Times have changed in the world of decision making for big companies. Many are now paying much more attention to their internal data to support and guide their business decisions.
In the past, companies rarely slowed down enough to harness their internal data, nor did they have the resources and tools to make the information actionable. As companies are driven by EBITDA growth, capturing and evaluating key operational data has become more important in shaping their strategic decisions.
The trend has clearly emerged as companies utilizing business intelligence and analytics in their planning throughout the year has increased. Ultimately companies want the best data that speaks to their business while providing real-time outputs across customized dashboards. The C-suites’ need for data visualization and reporting against it to their executive boards and upper management is growing. Big data is being used to improve operational efficiency, with the ability to make more informed decisions based on the latest up-to-the-moment information which is rapidly becoming the mainstream norm.

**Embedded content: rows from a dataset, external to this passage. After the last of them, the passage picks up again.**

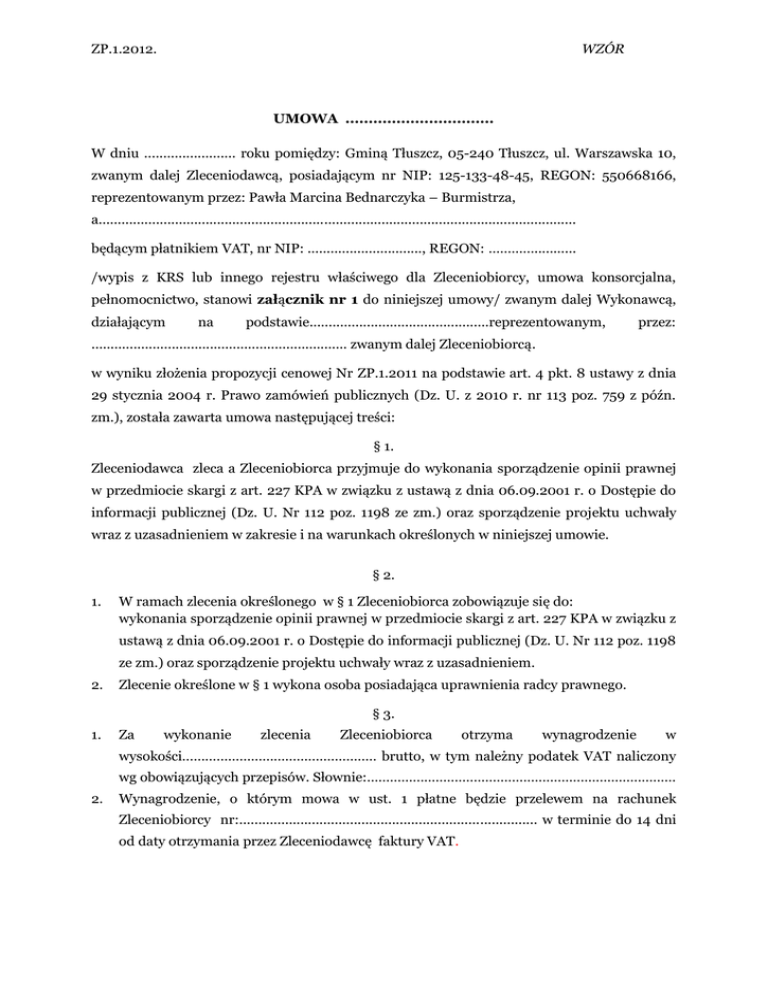 ZP.1.2012. WZÓR UMOWA ................................ W dniu ........................ roku pomiędzy: Gminą Tłuszcz, 05-240 Tłuszcz, ul. Warszawska 10, zwanym dalej Zleceniodawcą, posiadającym nr NIP: 125-133-48-45, REGON: 550668166, reprezentowanym przez: Pawła Marcina Bednarczyka – Burmistrza, a............................................................................................................................. będącym płatnikiem VAT, nr NIP: .............................., REGON: …………........... /wypis z KRS lub innego rejestru właściwego dla Zleceniobiorcy, umowa konsorcjalna, pełnomocnictwo, stanowi załącznik nr 1 do niniejszej umowy/ zwanym dalej Wykonawcą, działającym na podstawie...............................................reprezentowanym, przez: ................................................................... zwanym dalej Zleceniobiorcą. w wyniku złożenia propozycji cenowej Nr ZP.1.2011 na podstawie art. 4 pkt. 8 ustawy z dnia 29 stycznia 2004 r. Prawo zamówień publicznych (Dz. U. z 2010 r. nr 113 poz. 759 z późn. zm.), została zawarta umowa następującej treści: § 1. Zleceniodawca zleca a Zleceniobiorca przyjmuje do wykonania sporządzenie opinii prawnej w przedmiocie skargi z art. 227 KPA w związku z ustawą z dnia 06.09.20o1 r. o Dostępie do informacji publicznej (Dz. U. Nr 112 poz. 1198 ze zm.) oraz sporządzenie projektu uchwały wraz z uzasadnieniem w zakresie i na warunkach określonych w niniejszej umowie. § 2. 1. W ramach zlecenia określonego w § 1 Zleceniobiorca zobowiązuje się do: wykonania sporządzenie opinii prawnej w przedmiocie skargi z art. 227 KPA w związku z ustawą z dnia 06.09.20o1 r. o Dostępie do informacji publicznej (Dz. U. Nr 112 poz. 1198 ze zm.) oraz sporządzenie projektu uchwały wraz z uzasadnieniem. 2. Zlecenie określone w § 1 wykona osoba posiadająca uprawnienia radcy prawnego. § 3. 1. Za wykonanie zlecenia Zleceniobiorca otrzyma wynagrodzenie w wysokości…………………………………………… brutto, w tym należny podatek VAT naliczony wg obowiązujących przepisów. Słownie:……………………………………………………………………… 2. Wynagrodzenie, o którym mowa w ust. 1 płatne będzie przelewem na rachunek Zleceniobiorcy nr:.............................................................................. w terminie do 14 dni od daty otrzymania przez Zleceniodawcę faktury VAT. ZP.1.2012. WZÓR § 4. 1. Zleceniodawcy przysługuje prawno do naliczenia Zleceniobiorcy kar umownych za nieterminowe wykonanie przedmiotu umowy w wysokości 0,2% wartości wynagrodzenia o którym mowa w § 3 ust. 1, za każdy dzień opóźnienia w wykonaniu umowy w stosunku do terminu zapisanego umowie. 2. W przypadku zwłoki w zapłacie wynagrodzenia z tytułu należytego wykonania postanowień niniejszej umowy Zleceniodawca zapłaci na rzecz Zleceniobiorcy odsetki w ustawowej wysokości. 1. § 5. Celem umożliwienia Zleceniobiorcy wykonania zobowiązania objętego niniejszą umową Zleceniodawca udostępni wszelkie niezbędne dokumenty i informacje związane z powierzonym zleceniem.. 2. Odpowiedzialność Zleceniobiorcy za niewykorzystanie informacji lub dokumentów ogranicza się do tych informacji i dokumentów, które zostały ujawnione przez Zleceniodawcę. § 6. Zleceniobiorca zobowiązuje się do zachowania w tajemnicy wszelkich informacji, uzyskanych od Zleceniodawcy w związku z wykonywanymi czynnościami, objętymi zakresem zlecenia. § 7. Zleceniobiorca zobowiązuje się do wykonania przedmiotu do dnia................................... do godz. .......... § 8. Wszelkie wytwory działalności Zleceniobiorcy, opinia oraz projekt uchwały związane z wykonaniem przedmiotu umowy stanowią własność Zleceniodawcy z chwilą ich wydania Zleceniodawcy. § 9. W zakresie nieuregulowanym niniejszą umową obowiązują odpowiednie przepisy Kodeksu cywilnego. § 10. Umowa sporządzona została w czterech jednobrzmiących egzemplarzach jeden dla Zleceniobiorcy, trzy dla Zleceniodawcy. Zleceniodawca Zleceniobiorca ........................... ........................... ZP.1.2012. WZÓR
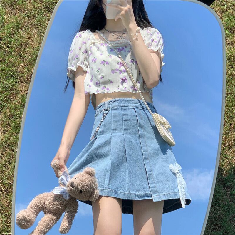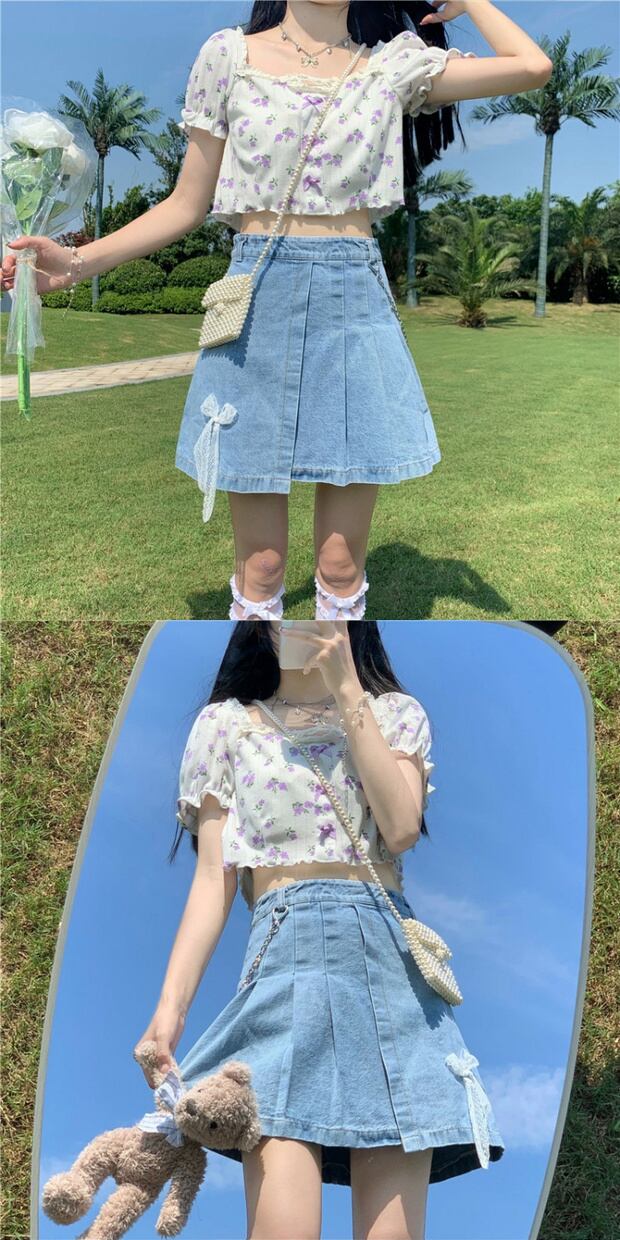 サマーカジュアルリボンフローラルシャツ ハイウェストプリーツAラインスカート 夏物 花柄 ケッペル59784893226
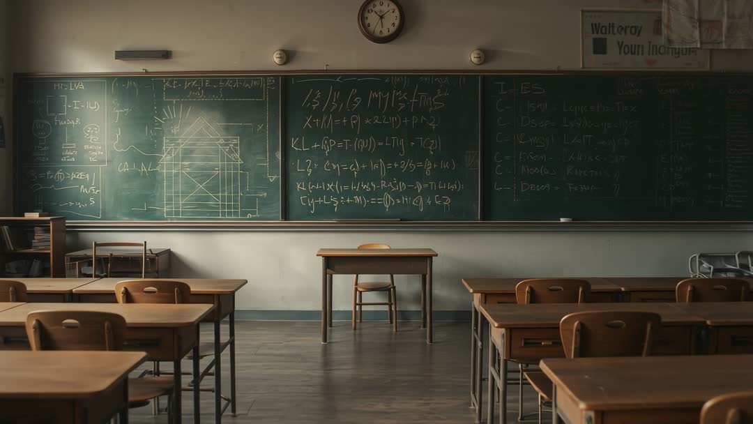 - Empty Classroom with Chalkboard Equations and Teacher's Desk
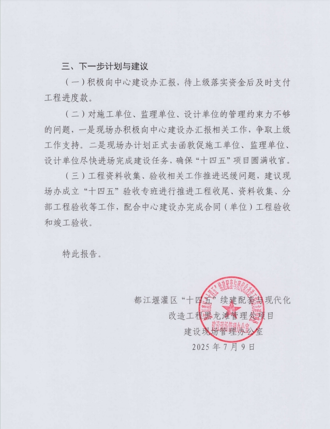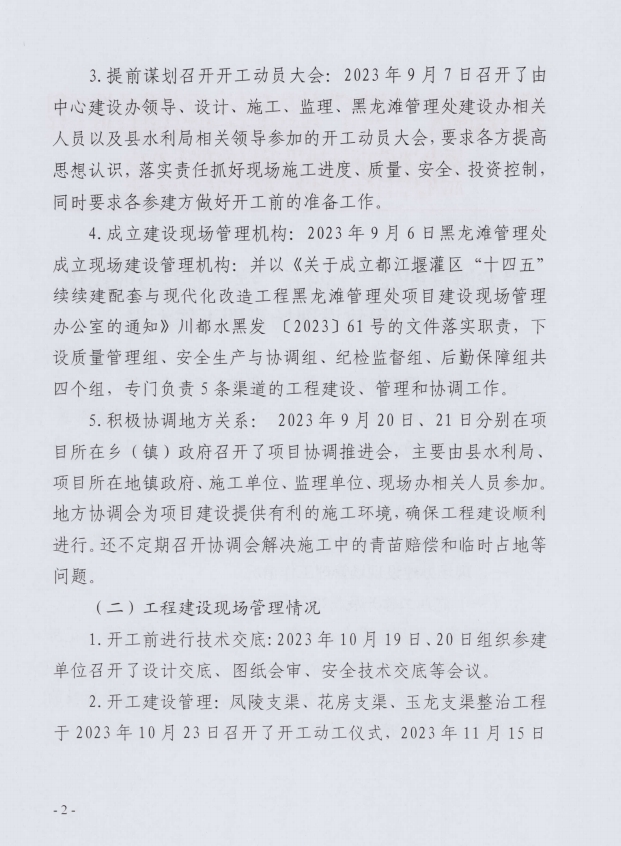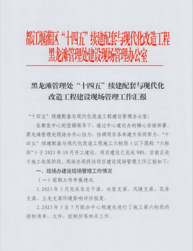 黑龙滩管理处“十四五”续建配套与现代化 改造工程建设现场管理工作汇报
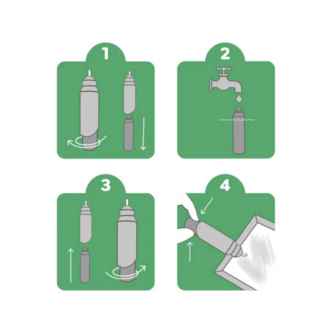 • El agua revela imágenes ocultas; una vez seca, las imágenes vuelven a desaparecer.
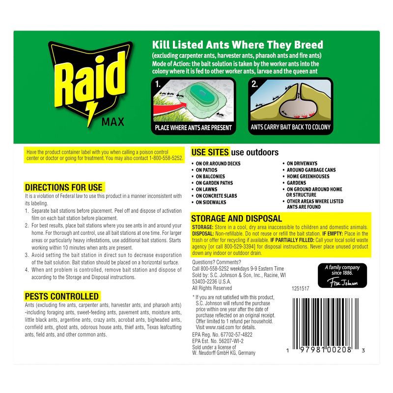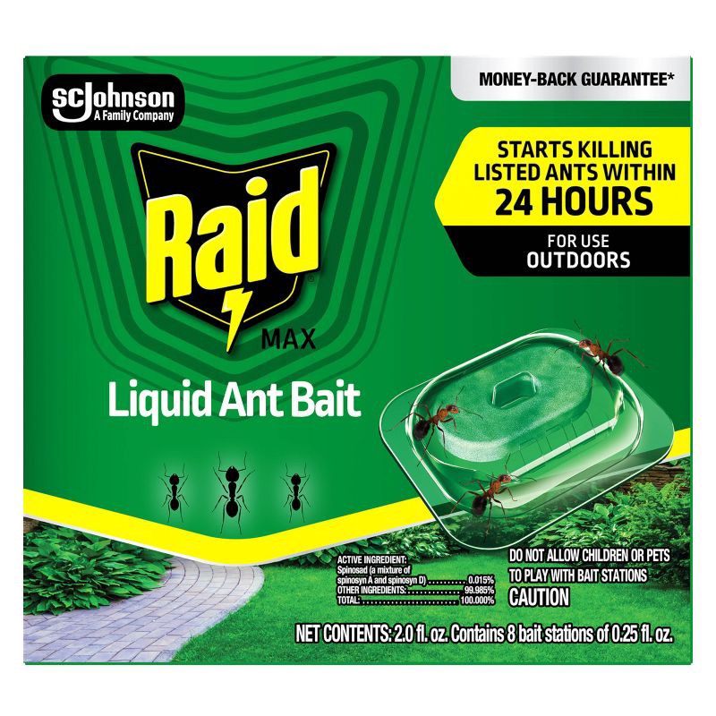 Outdoor ant problems? Here today, gone tomorrow with Raid Outdoor Liquid Ant Bait. Kills listed ants where they breed, including the queen and colony. Just put down a spill-proof bait station in the c…

Few people dispute that organizations have more data than ever at their disposal. But actually, deriving meaningful insights from that data—and converting knowledge into action—is easier said than done. There are many challenges organizations face in adopting analytics.
One of the biggest challenges of making the evolution from a knowing culture to a culture that is much more objective and data-driven, and it embraces the power of data and technology—it’s really not the cost. The biggest impediments relate to cultural challenges such as organizational alignment, lack of understanding, and change management.
Another significant challenge for companies will continue to be around data privacy, and what is shared versus what is not shared. Keeping in mind that companies’ consumers are willing to share if there’s returned value. Big data and business intelligence will continue to be the way that companies make decisions in a time of immediate information and need for the ability to run “what if” scenarios while managing risk and rewards.
In a recent survey conducted across many C-suite executives, over half surveyed predict major disruption on the horizon, as big data and algorithms continue to change how businesses operate and compete. Companies that fail to adapt do so at their own competitive and market risk. Data analytics are fast becoming the lifeblood of IT.
Big data, machine learning, and data science — the range of technologies and techniques for analyzing vast volumes of data is expanding at a rapid pace. These tools and techniques gain deep insights into customer behavior, systems performance, new revenue opportunities, and strategic optimal facility locations. Companies can use analytics to find new patterns and insights in the same data their competitors are seeing. Organizations have always collected data on customers, suppliers, products, and services; however, they have not had the tools to analyze and/or visualize for planning. Now, traditional information can be combined with big data (i.e., interactional data) and third-party data that, for example, add demographic and geographic details.
Uncovering data patterns sets the stage for conducting predictive analytics for all companies that elect to invest in the process. Today’s companies are going to continue to make decisions in a more thoughtful way on the back of substantial data and visualization to impact their market.
Eric Beichler is Managing Principal at Mohr Partners Inc.